The simplest way to explain these set points to help make MRP more correct with less action messages is to use the reorder point as the input number to help net your supply and demand. While safety stocks and economic order quantities go into this calculation, the reorder point is the input into MRP. The following is a list of questions for buyers to use to help activate ideas and reasons why you would increase or decrease a safety stock factor. Remember, a safety stock is not a calculated number, but rather a factor to either increase or decrease a “buffer” number which increases or decreases your reorder point. Things to consider when identifying a safety stock number:
- How reliable is the supplier (on-time delivery and quality need to be considered)?
- Expiration or obsolescence considerations or limitations?
- Theft or damage issues in delivery or out in the warehouse?
- Is this item single- or sole-sourced?
- Is this a volatile commodity?
- Do you have price breaks based on container or ordered quantity?
- Any financial issues the supplier may have (if in doubt, run a Dun & Bradstreet—or D&B—report)?
There are many other factors you may be able to think about but just remember that safety factors are meant to cover most issues you could regularly encounter that are out of your control. Also, remember to write down your safety factor number as well as how you came up with it. By creating these factors with factual quantifiable data, you help to quantify your decision for managers and others to see why and how you set this factor.
Once safety factors are considered, a little math is required to set the economic order quantity, which will then help to calculate the reorder point. The math for the economic order quantity (EOQ) is quite simple: EOQ=D/Q where D is equal to demand, and Q is equal to order size. The EOQ really is no more than the quantity you would set in your system, so when you reorder, that number is the recommended quantity MRP suggests. The difficulty that emerges sometimes is with quantifying and adding into the formula other factors that sometimes need to be calculated along with the EOQ. Here at Brazil Metal Parts, one of our value propositions to our customers is our speed. Having sometimes same-day lead times for custom orders requires us to have a fast and nimble supply chain.

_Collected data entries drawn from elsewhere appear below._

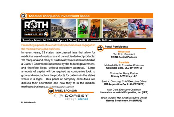 Abbott joined the panel on the 14th, which was moderated by Ted Roth, President of ROTH Capital, and also included Christopher Barry of Dorsey & Whitney, Scott Ginsburg of MM Acquisition Co, LLC, Alan Gold of Innovative Industrial Properties (NYSE: IIPR) and Dr. Brian Murphy of Nemus Bioscience (OTC: NMUS). Each of the panelists gave a brief summary of their company’s involvement in the industry before Roth asked a few questions and then the audience participated.
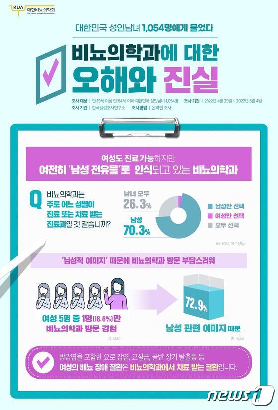 설문에 참여한 여성 506명 중 72.9%가 남성과 관련된 비뇨의학과 이미지로 인해 방문이 부담스럽다고 답했다.
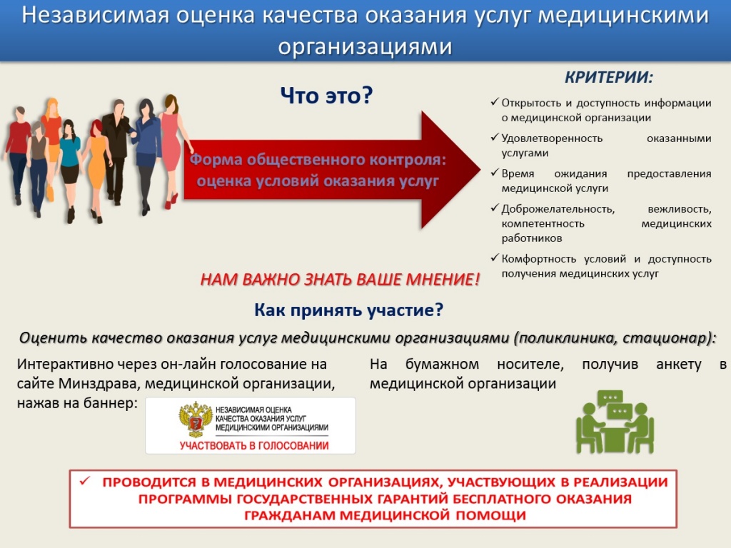 Свою оценку открытости и доступности информации в медицинской организации, комфортности условий, времени ожидания приёма, доброжелательности, вежливости, компетентности медработников и удовлетворенности оказанными услугами можно дать, перейдя по ссылке «Независимая оценка качества оказания услуг медицинскими организациями».
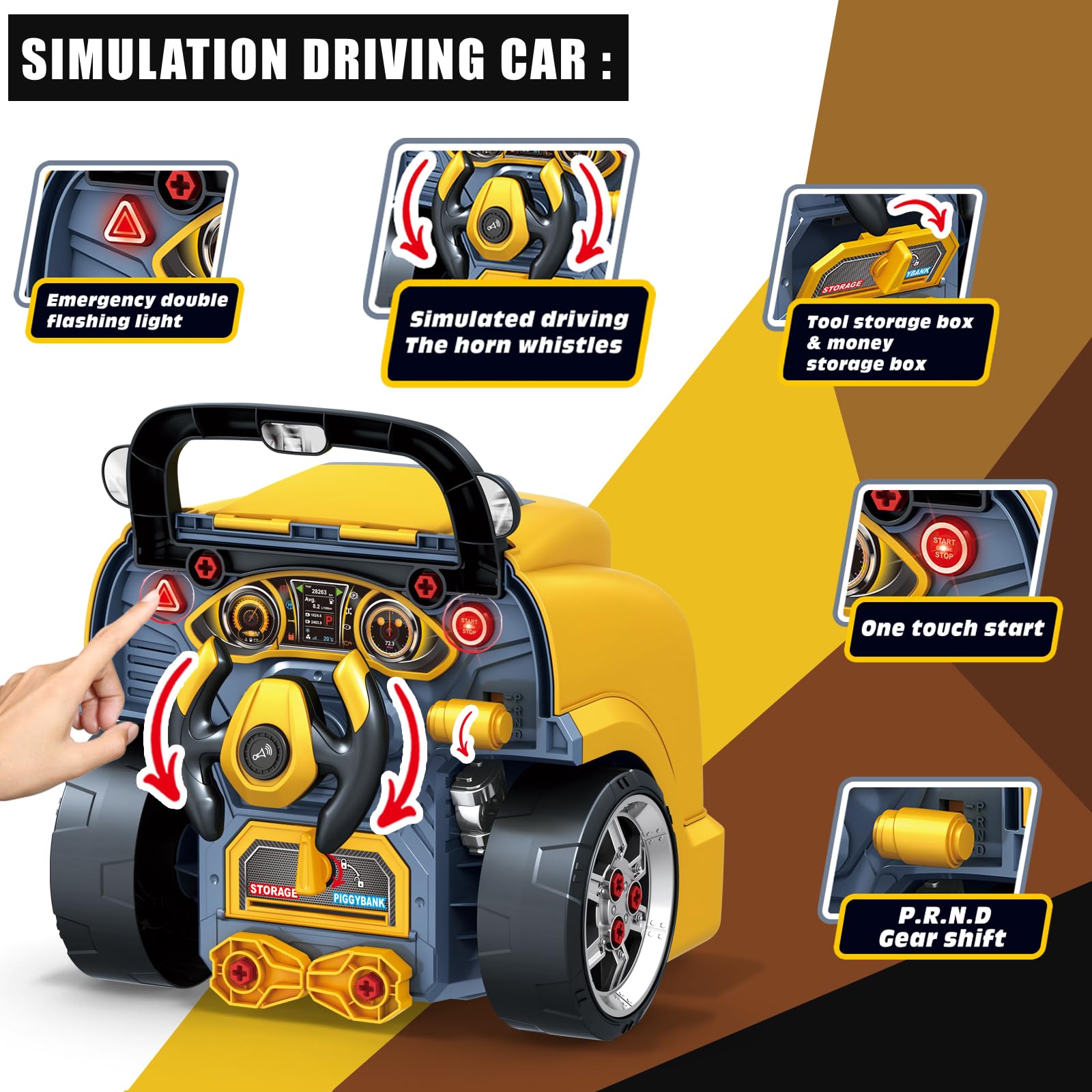 - Q: What features does the toy include to enhance the play experience? A: This toy features realistic lights and sounds, a removable engine, and various functions like one-touch start, hazard warning lights, and gear selections, allowing kids to simulate real driving and engage in hands-on learning.

Getting and keeping your ERP system set up correctly allows your buyers to be much more efficient when processing their MRP, allows back-ups the confidence to take over when the buyer is out of the office, and also helps to minimize carrying costs and obsolete inventory.

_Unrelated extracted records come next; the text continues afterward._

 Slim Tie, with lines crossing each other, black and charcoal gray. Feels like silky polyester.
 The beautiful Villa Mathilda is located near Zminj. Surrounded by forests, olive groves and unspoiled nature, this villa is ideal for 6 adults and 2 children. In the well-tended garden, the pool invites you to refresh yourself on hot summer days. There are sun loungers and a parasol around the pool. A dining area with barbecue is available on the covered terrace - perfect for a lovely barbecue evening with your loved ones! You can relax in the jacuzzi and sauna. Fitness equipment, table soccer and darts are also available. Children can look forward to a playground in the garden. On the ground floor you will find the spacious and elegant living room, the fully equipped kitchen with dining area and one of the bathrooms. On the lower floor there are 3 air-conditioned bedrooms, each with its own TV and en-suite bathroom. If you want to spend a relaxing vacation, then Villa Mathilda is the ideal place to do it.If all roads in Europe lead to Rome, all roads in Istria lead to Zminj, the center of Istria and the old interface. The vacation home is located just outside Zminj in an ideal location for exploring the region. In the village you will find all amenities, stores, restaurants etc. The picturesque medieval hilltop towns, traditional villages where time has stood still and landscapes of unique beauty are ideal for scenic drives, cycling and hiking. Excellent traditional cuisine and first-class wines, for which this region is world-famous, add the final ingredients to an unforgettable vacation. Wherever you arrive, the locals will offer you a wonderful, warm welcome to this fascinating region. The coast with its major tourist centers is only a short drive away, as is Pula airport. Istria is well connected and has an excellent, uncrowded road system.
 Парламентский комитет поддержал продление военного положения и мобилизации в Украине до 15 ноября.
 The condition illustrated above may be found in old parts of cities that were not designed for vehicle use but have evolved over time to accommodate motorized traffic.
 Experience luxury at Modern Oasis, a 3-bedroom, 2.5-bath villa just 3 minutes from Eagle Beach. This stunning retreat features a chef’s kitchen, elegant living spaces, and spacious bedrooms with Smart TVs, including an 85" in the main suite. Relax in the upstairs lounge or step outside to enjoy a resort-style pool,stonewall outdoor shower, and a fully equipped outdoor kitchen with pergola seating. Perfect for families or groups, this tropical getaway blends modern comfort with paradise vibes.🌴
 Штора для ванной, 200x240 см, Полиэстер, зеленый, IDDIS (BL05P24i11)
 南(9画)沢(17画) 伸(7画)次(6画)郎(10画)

Having an efficient supply chain is critical in today’s global economy where competitors are waiting to exploit your inefficiencies and turn them into their strengths. Run a back-to-basics program at your organization and see how more efficient your supply chain group could be.

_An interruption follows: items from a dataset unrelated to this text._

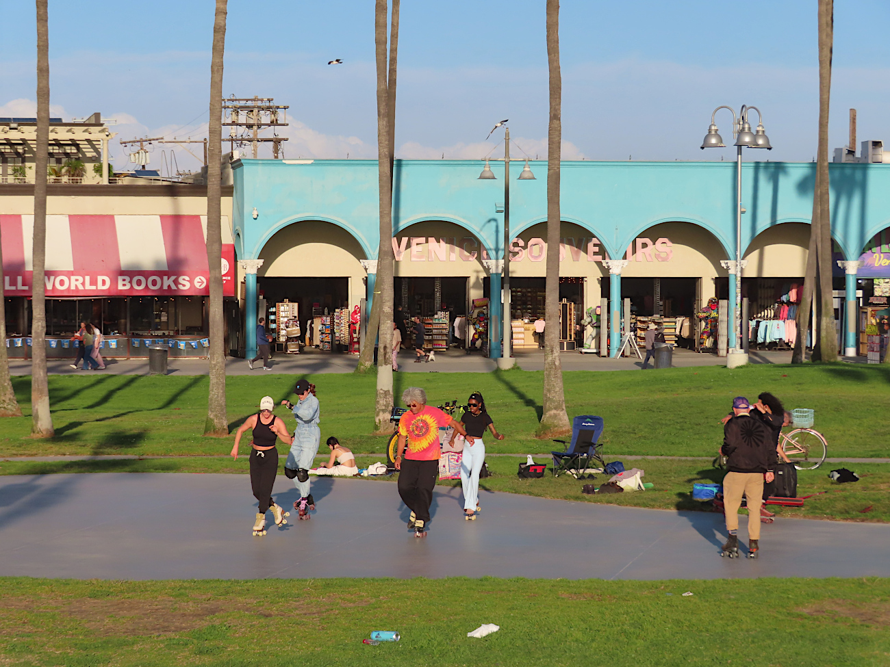 Les photos de glisse ci-dessus ont été prises à Venice. En fait, Venice est aussi schizo que Downtown, avec des riches si riches qu’ils ne sortent pas de chez eux et des sans-abri dans tous les recoins, mais ici en plus il y a des bandes de gars plutôt effrayantes. Et quelques centaines de mètres plus loin, on trouve les snobs de Santa Monica – SM, oui. Le seul réconfort ici est l’océan, particulièrement au coucher du soleil mais il faut éviter d’être du côté de Venice (mon taudis est à la limite des deux) où des types super lourds vous abordent toutes les trois minutes. Ces lieux, je les avais déjà visités avec Valentina et ça m’avait plu, mais c’était différent : j’étais avec Valentina, on riait, on commentait tout. Et on n’y a passé qu’une journée – c’était, je le comprends aujourd’hui, amplement suffisant.
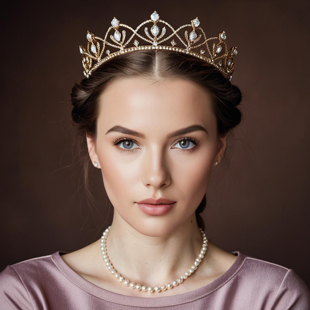 Portrait of a young fair-skinned woman with blue eyes and brown hair styled in a braided crown. She wears a gold and diamond tiara and a pearl necklace, dressed in a mauve long-sleeve top. The background is a soft brown with studio lighting, giving the image an elegant and refined appearance.
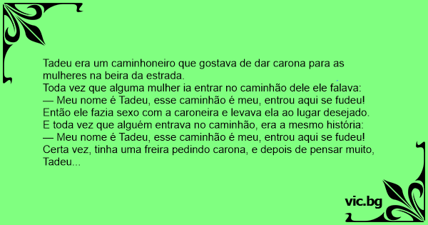Então Tadeu acabou aceitando e fez o serviço na freira. Quando ela estava saindo do caminhão em seu destino, Tadeu olhou pra ela e falou:
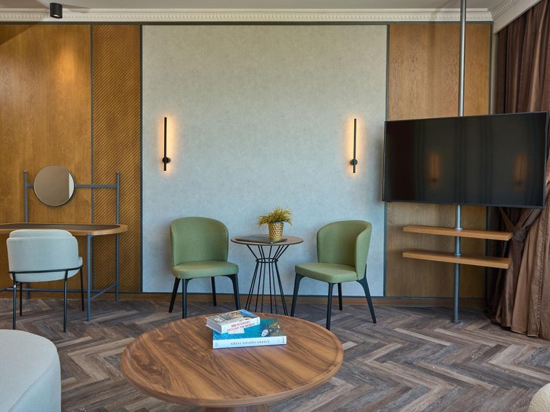 Ako sa ubytujete: Izby majú klimatizáciu a kúrenie. Hostia môžu relaxovať a vychutnávať si výhľad na more na balkóne alebo súkromnej terase väčšiny izieb. Izby majú posteľ veľkosti queen a rozkladaciu pohovku. Prístelky je možné vyžiadať. K dispozícii je aj trezor, minibar a pracovný stôl. K dispozícii je tiež chladnička a mini chladnička. Nechýba ani žehliaca súprava a lis na nohavice. K dispozícii je aj telefón, satelitná TV, rádio a WiFi. K vybaveniu izieb patria papuče. Kúpeľne sú vybavené sprchovacím kútom a vaňou. Na každodenné použitie je k dispozícii sušič vlasov, župany a telefón. Ako zvláštnosť si hostia môžu vychutnať kozmetické produkty a výber uterákov v kúpeľniach. Rezervovať je možné aj bezbariérové izby s bezbariérovými kúpeľňami. Hotel ponúka rodinné a nefajčiarske izby.
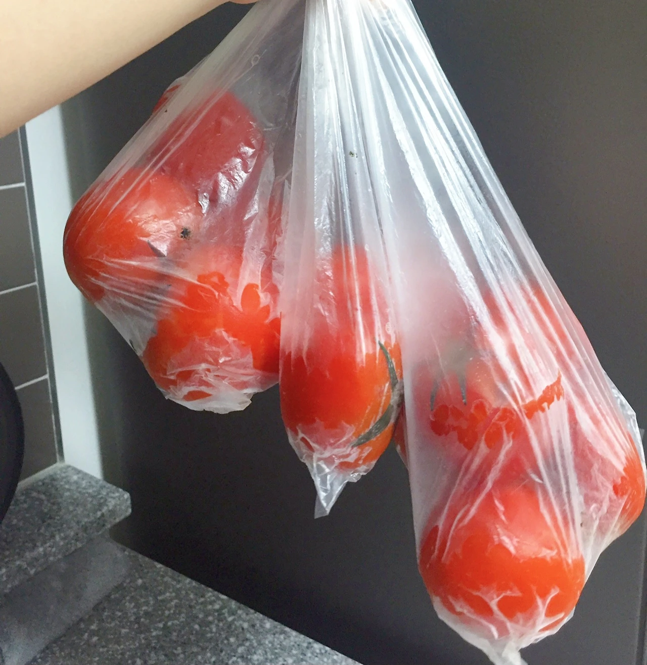 비닐봉지 세 개에 토마토를 소분해서 냉장고에 넣어두었다.

Todd Bauman is Brazil Metal Parts’ supply chain manager, materials & logistics, and is in charge of purchasing, planning, inventory, and distribution. He is a Certified Supply Chain Professional (CSCP), and holds an MBA from the University of St. Thomas. He has worked at Brazil Metal Parts for more than four years, and currently is enrolled in a doctoral program at Capella University in Global Operations and Supply Chain Management.